This letter was written by a person incarcerated at Solano.
Here is a little about me. I’m 58 years of age. I’m from South Los Angeles. I’ve been incarcerated for 40 years. I’m African-American and Native American. My interest range from political science to pro sports, hip hop music to soft rock, and soap operas to PBS (Frontline, POV etc.)
As you may see, I’m pretty opened minded. My questions may not be in line with the purpose of your correspondence, so if I don’t hear back from you, I’ll understand. But I do look forward to a response. Before I conclude, I will include a short missive about living with this pandemic.
When I first became aware of COVID-19, I worked here in the education department. The classroom held 10 to 20 individuals. I recall two particular guys in the class having what appeared to be a cold or flu. I was a little leery of it and decided to stay as far away from them as I could, but this was difficult because of the size of the classroom, very small. This was in March of 2020!

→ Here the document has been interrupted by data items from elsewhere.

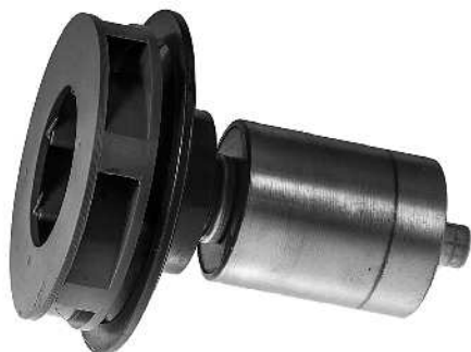
Rotor Modell 26000 Artnr. 30772 Modell 33000 Artnr. 30773
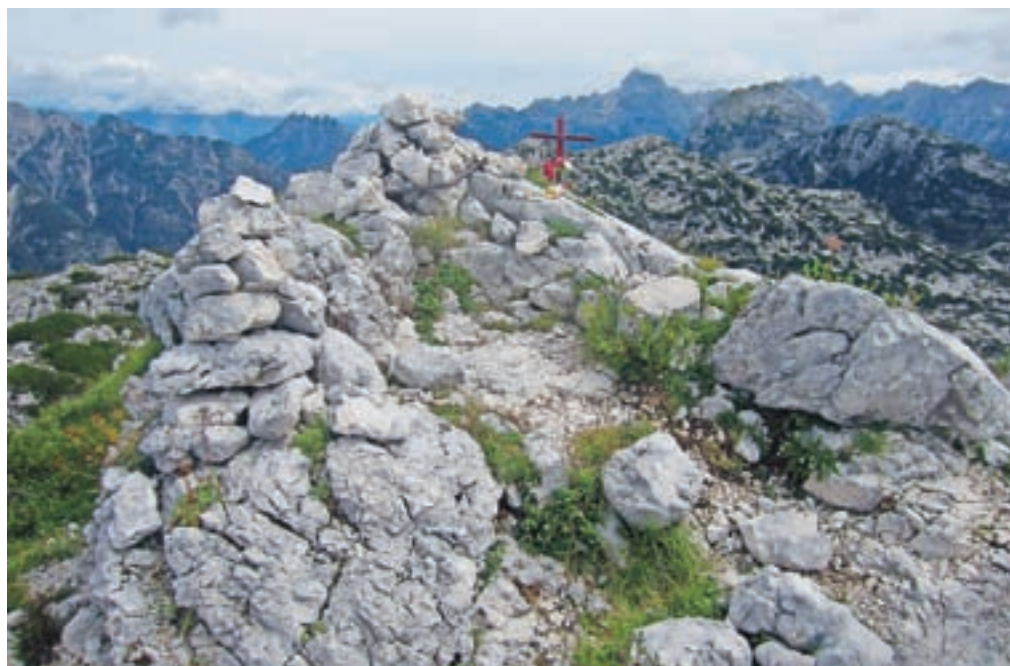
Vrh Velike Bavhe, v ozadju Rabeljske špice in Mangart

Z vrha se odpre lep pogled na Kaninsko pogorje, na osrčje Zahodnih Julijcev, ko pogledamo proti Sloveniji, pa se pogled ustavi na Mangartu, Jalovcu in mogočni Loški steni.
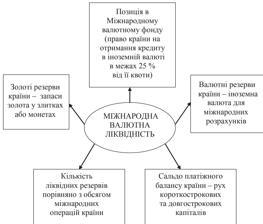
Рис. 4. Складові міжнародної валютної ліквідності країни
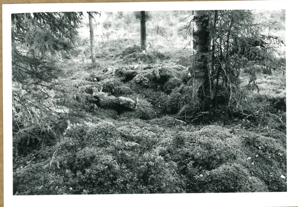
Röykkiö nr. 2 lounaasta. Lähikuva.
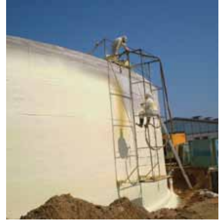
Tepečná izolace vnějšího pláště fermentoru
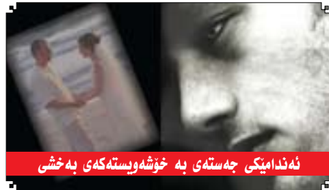
نه ندا میکی جه سته می به خوشه ویسته که می به خشی
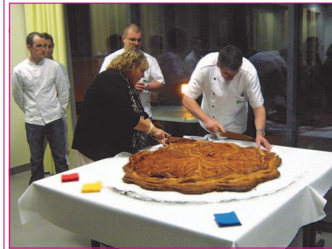
Découpe de la galette façonnée par l'IFAC

Mais soyons fous et faisons comme disent encore les personnes âgées « allons sur Brest » car nous ne pouvons vivre ici sans tenir compte de notre identité brestoise. L'évolution du plateau des capucins intéresse les habitants de Lambé, les membres du Conseil consultatif de quartier ont d'ailleurs participé avec beaucoup de plaisir à certains travaux. C'est notre passé commun, notre histoire qui refait surface pour notre plus grande joie.
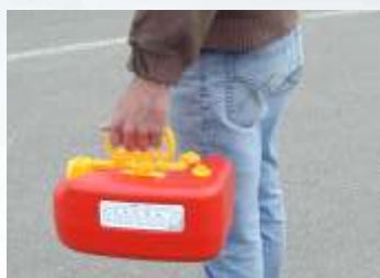
La maniglia roteabile di 90° rende più facile il trasporto

6 Litri Cod.02520 10 Litri Cod.02530 Kit accessori Cod.02525

Eventually all classes were cancelled. One of the individuals that I noticed in the class with the cold or flu symptoms actually turned out to have COVID. Fortunately no one else in the class tested positive.

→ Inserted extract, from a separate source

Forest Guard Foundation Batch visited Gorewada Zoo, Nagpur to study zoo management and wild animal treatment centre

The institution eventually passed out cloth mask that were made of the same material use to make prison clothing. My level of anxiety began to get a bit higher. Most of the inmates didn’t take the crisis serious until word from other prisons began to filter in. In particular, the numbers of infected inmates at Chino really put a face on the situation that could no longer be ignored.

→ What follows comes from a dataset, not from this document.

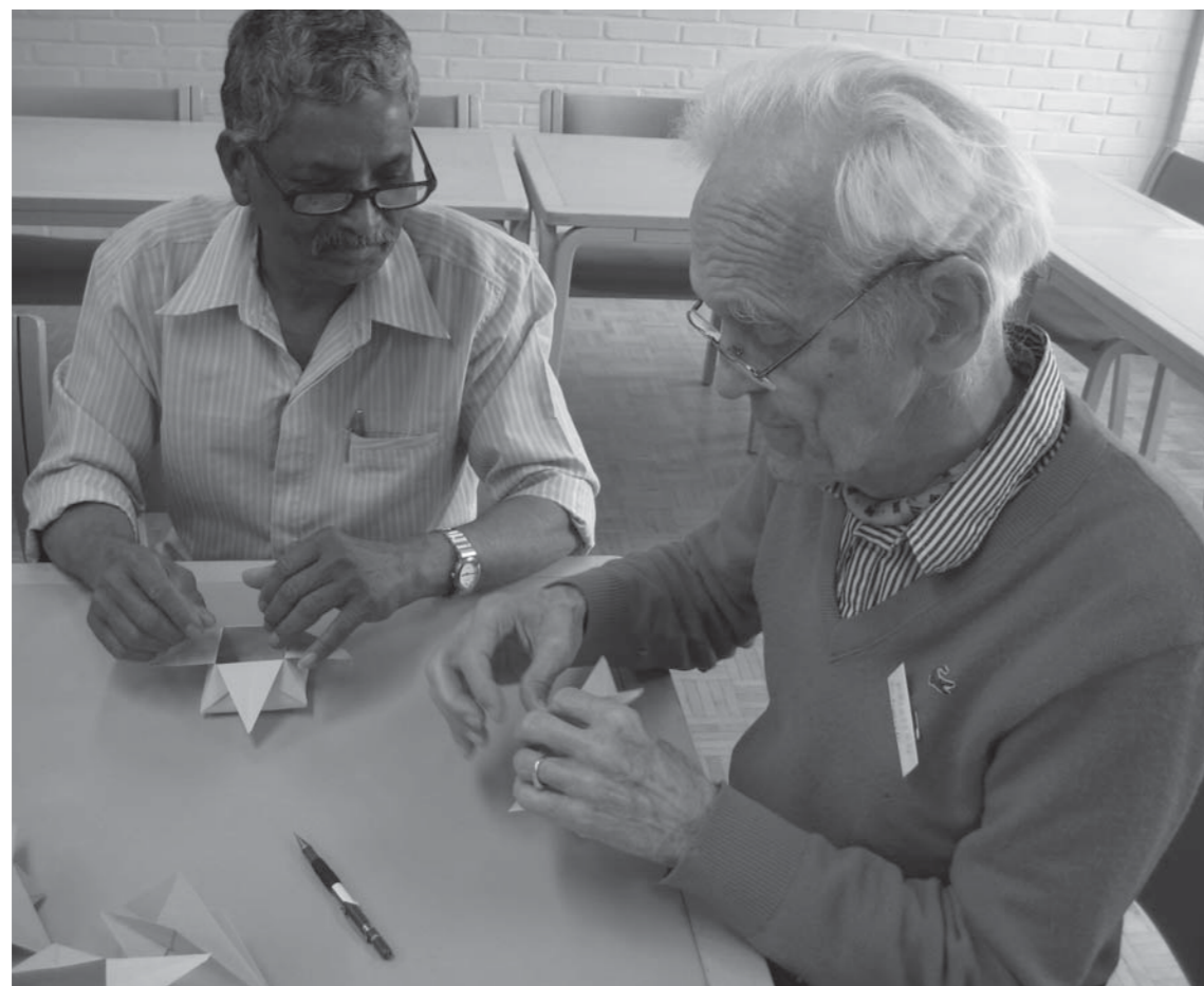
Der foldes japanske papirfigurer på højskolen.

små forårsruller fra Vietnam. Forskellene får heller ikke her lov til at true fællesskabet, selvom der i enkelte situationer må forhandles om grænserne for, hvad det er okay at tale om. Under et oplæg af en præst, der har været udstationeret hos de danske styrker i Afghanistan, spørger en kvinde fx, om han ikke kan komme med en udlægning af debatten i danske medier om, hvorvidt det bør være tilladt at bære tørklæde i offentlige erhverv. Straks kommenteres fra to andre deltagere, at: "Nej, det kan vi ikke få!" Præsten glider af på spørgsmålet. Deltagernes og præstens reaktion kan tolkes som en fællesskabsbevarende reaktion i en potentielt konfliktskabende situation. Den etablerede "working consensus" bibeholdes.

Correctional staff and inmates began to take this serious. But how do you facilitate social distancing in a prison setting without completely locking it down? That was a dilemma. Many solutions were put forward, but until videos of prisons settings, taken by illegal cell phones, began showing up on social media not much was changing. Political correctness!
Ironically, the infection rate here at CSP Solano remained low, probably the lowest in all of California prisons. This remained so until inmates began being transferred here from other institutions. When I heard about San Quentin’s infection rate skyrocketing after inmates were transferred there from Chino, I began to worry.
Why would inmates in a COVID-19 hot spot be transferred to another institution with low infection rates? I really began to fear for my safety at this point. Our lives depended on the decisions made by people that made a decision to send sick inmates to another institution. Inmates were dying there at an alarming rate at SQ as a result of this decision. So this virus became real.